EKBIS.CO, JAKARTA -- Kinerja industri manufaktur Indonesia menurun. Hal itu terlihat dari data purchasing Managers Index (PMI) Manufaktur Indonesia IHS Markit yang menurun dari posisi 51,9 pada Februari ke level 45,3 pada Maret. Posisi tersebut terendah sejak 2011.
Menanggapi itu, Direktur Eksekutif Gabungan Pengusaha (GP) Farmasi Dorojatun Sanusi menyatakan, farmasi sebagai bagian dari manufaktur memiliki kapasitas produksi cukup besar. Hanya saja mengalami kesulitan pengadaan bahan baku.
"Kita untuk kebutuhan JKN (Jaminan Kesehatan Nasional) atau BPJS (Badan Penyelenggara Jaminan Sosial) kan belum tahu berapa kebutuhannya dan harganya berapa, karena suplai bahan baku dari negara asalnya China dan India tidak lancar, kita sudah sampaikan dari awal karena berbagai kendala, harga bahan baku dari sana sudah naik," jelas Dorojatun saat dihubungi Republika pada Kamis, (2/4).
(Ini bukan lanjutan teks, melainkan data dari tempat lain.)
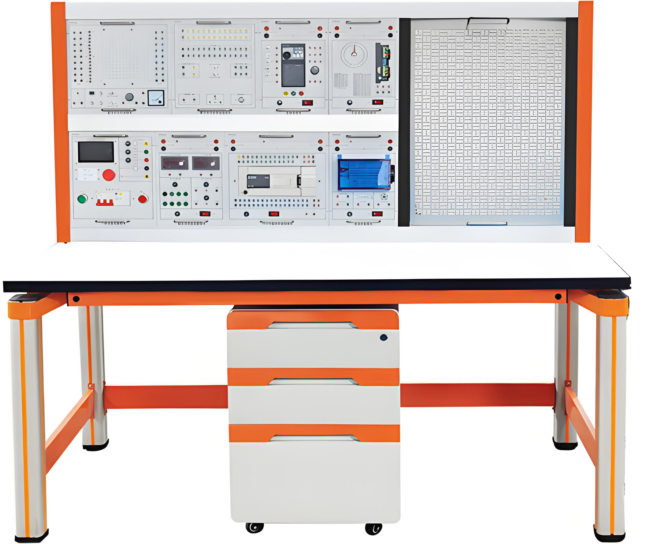 1、采用網(wǎng)孔板結(jié)構(gòu),實(shí)訓(xùn)方法靈活,接近工業(yè)現(xiàn)場(chǎng),可增加元器件增加實(shí)訓(xùn)內(nèi)容,便于二次開發(fā)及功能擴(kuò)展。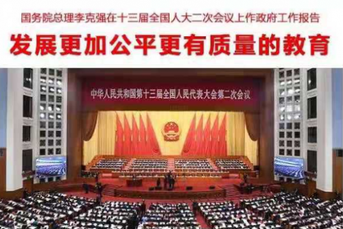 第十三届全国人民代表大会第二次会议今天上午在人民大会堂开幕。国务院总理李克强向大会作政府工作报告时指出,发展更加公平更有质量的教育,努力办好人民满意的教育,托起明天的希望。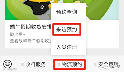 ,现推出公众号物流预约功能。请来访单位提前进行人员注册和来访预约,预约成功并到达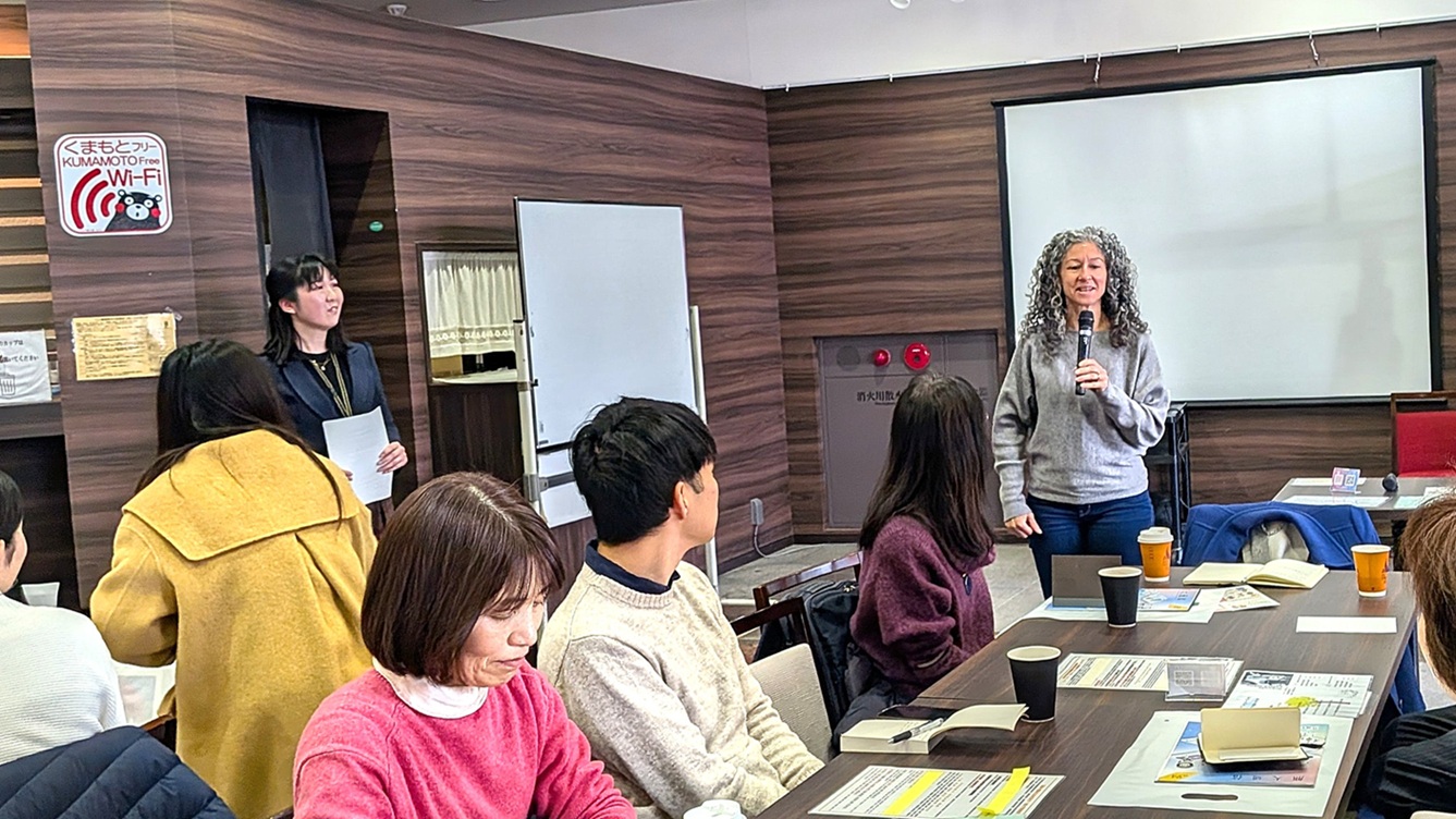 On January 24, 2026, Kumamoto University, in collaboration with the Mansfield Foundation, held the "Mansfield Café" at the Kumamoto City International Center as part of their joint initiatives. The event, now in its third time, was a great success, with 23 participants joining and engaging in lively conversations.The event featured Ms. Nicole Ibrahim and Mr. Stephen Money, both current U.S. federal government employees and 29th cohort Mansfield Foundation Fellows. They are currently in Japan, participating in a fellowship program that involves undergoing training at various Japanese government ministries.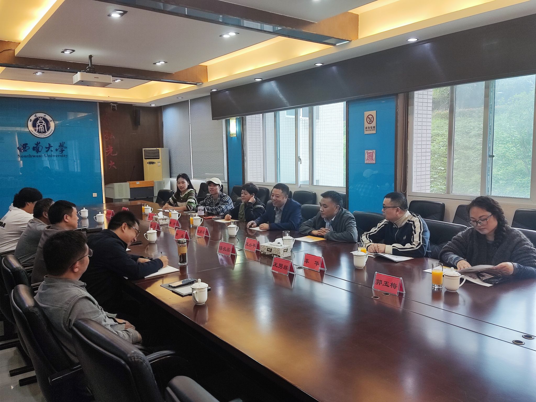 2025年10月19日,南充市高坪区农业农村和水务局党委委员张勇军、果树站王小平,南充市喜橙农业发展有限责任公司粟玲、辜华、郭玉梅及中国农业大学南充柑橘科技小院研究生张果、董方宇一行,前来我所开展柑橘产业交流座谈会。best365英国体育在线柑桔研究所黄森副所长,栽培与生理中心淳长品主任、曹立研究员、王男麒副研究员以及我所丰都红心柚科技小院研究生张佳玲、高焕超出席会议。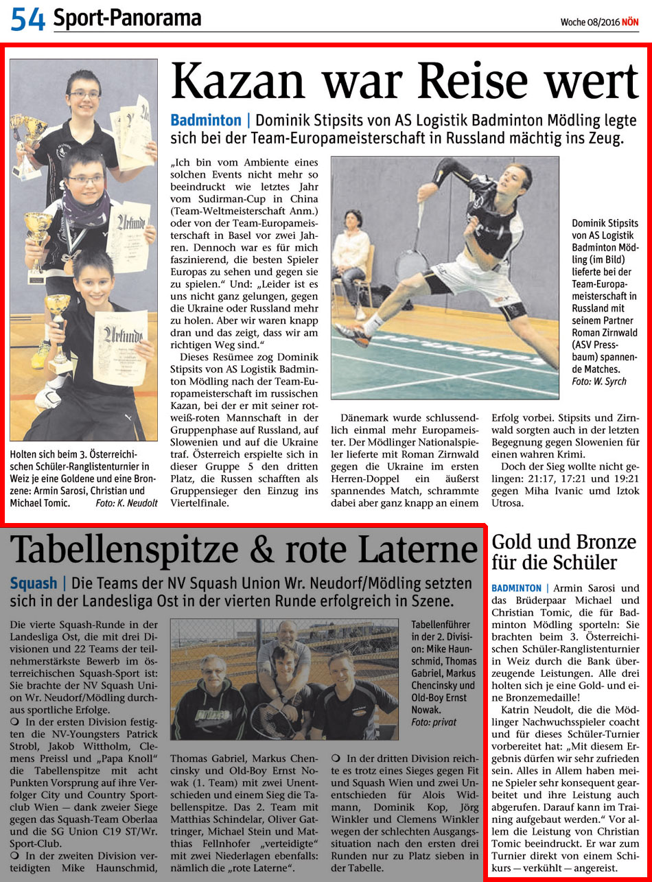 / Dominik Stipsits von AS Logistik Badminton Mödling legte sich bei der Team-Europameisterschaft in Russland mächtig ins Zeug.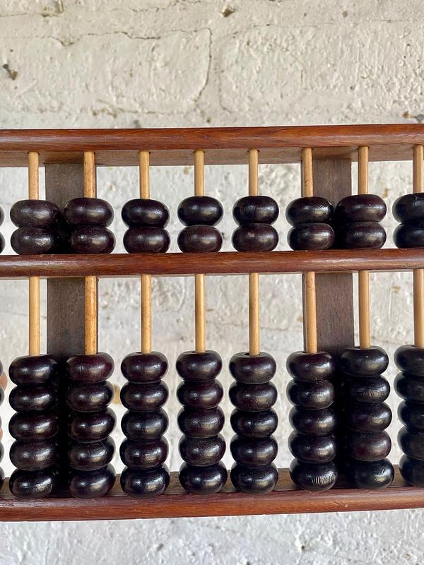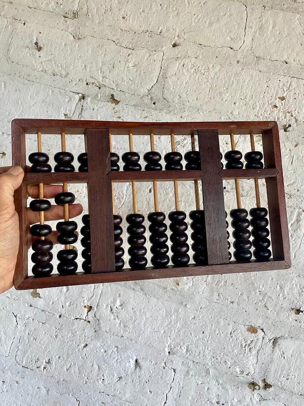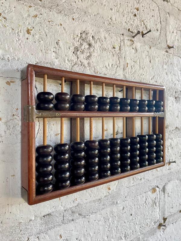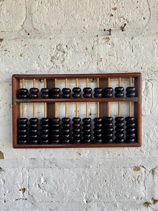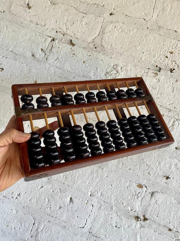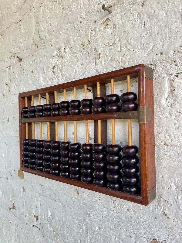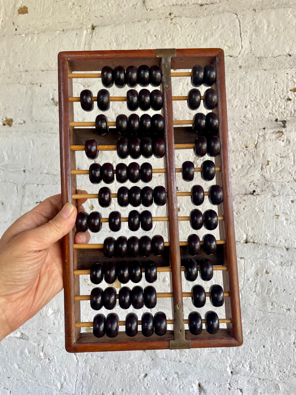 Abaco con marco, 11 varillas y cuentas de madera, los refuerzos de las esquinas son de lámina de bronce. Elaborado en China en los años ochenta.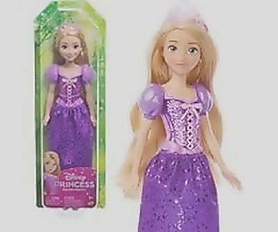 Disney Princess Rapunzel Fashion Doll with sparkling look, blonde hair, blue eyes, and tiara accessory.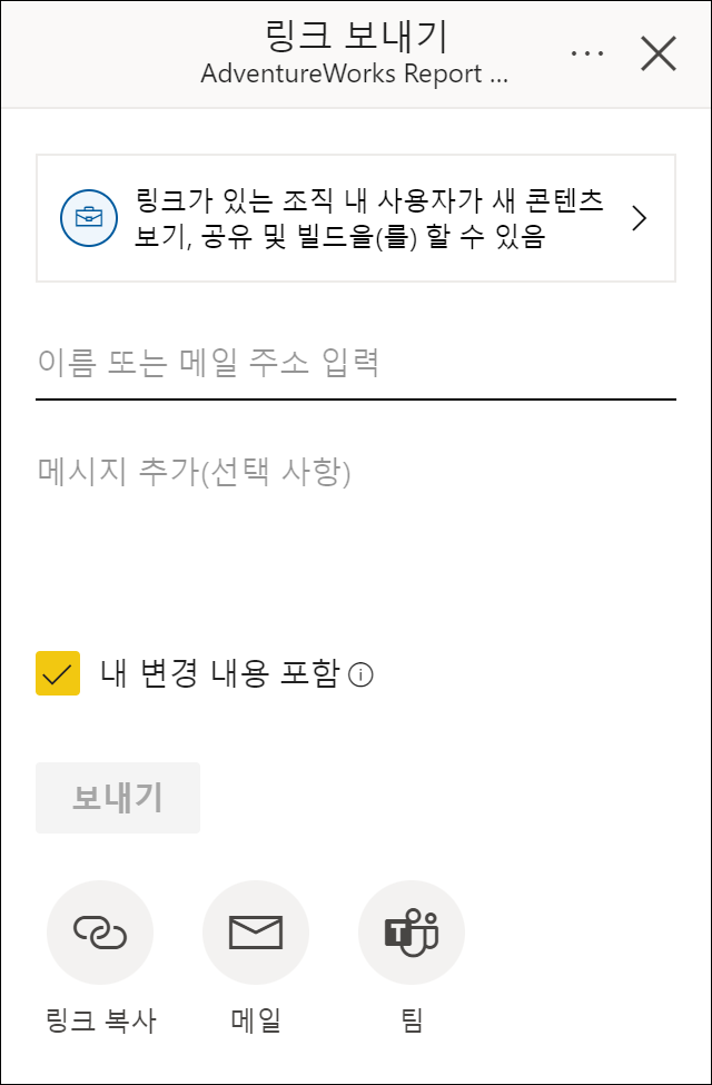Power BI Service에서 공유하는 방법 중 링크 보내기를 알고 계실건데요. 링크 보낼 때 필터 또는 클릭하여 변경 사항을 포함하여 링크를 보낼 수 있습니다. 간단하게 원하는 필터링으로 필터한 후 공유 아이콘 버튼을 누르면 됩니다.

Ia menambahkan, penguatan mata uang dolar AS serta melemahnya rupiah hingga terdepresiasi hampir 20 persen, turut memengaruhi impor bahan baku. Sementara, kemampuan finansial industri terbatas.
"Kondisinya kita masih tunggu kelancaran pembayaran utang-utang dari fasilitas kesehatan yang menunggak lama dan sangat besar. Saat ini tunggakannya sekitar Rp 4 sampai Rp 4,5 triliun," kata dia.
Maka, tegasnya, masalah yang dihadapi industri farmasi sekarang yakni kapasitas berlebih namun kemampuan finansial tidak ada. Sedangkan harga bahan baku naik.
Meski begitu, lanjut dia, industri terus berproduksi sesuai kemampuan. "Sekarang kita tahu obat apa yang diperlukan, kita usahakan mampu produksi, impor (bahan baku) kita lakukan, harga tinggi jadi tidak maksimal output rendah, karena kondisi finansialnya," jelas Dorojatun.
Ia mengatakan, paling tidak bahan baku farmasi aman sampai akhir April. Hanya saja tergantung jenis bahan bakunya.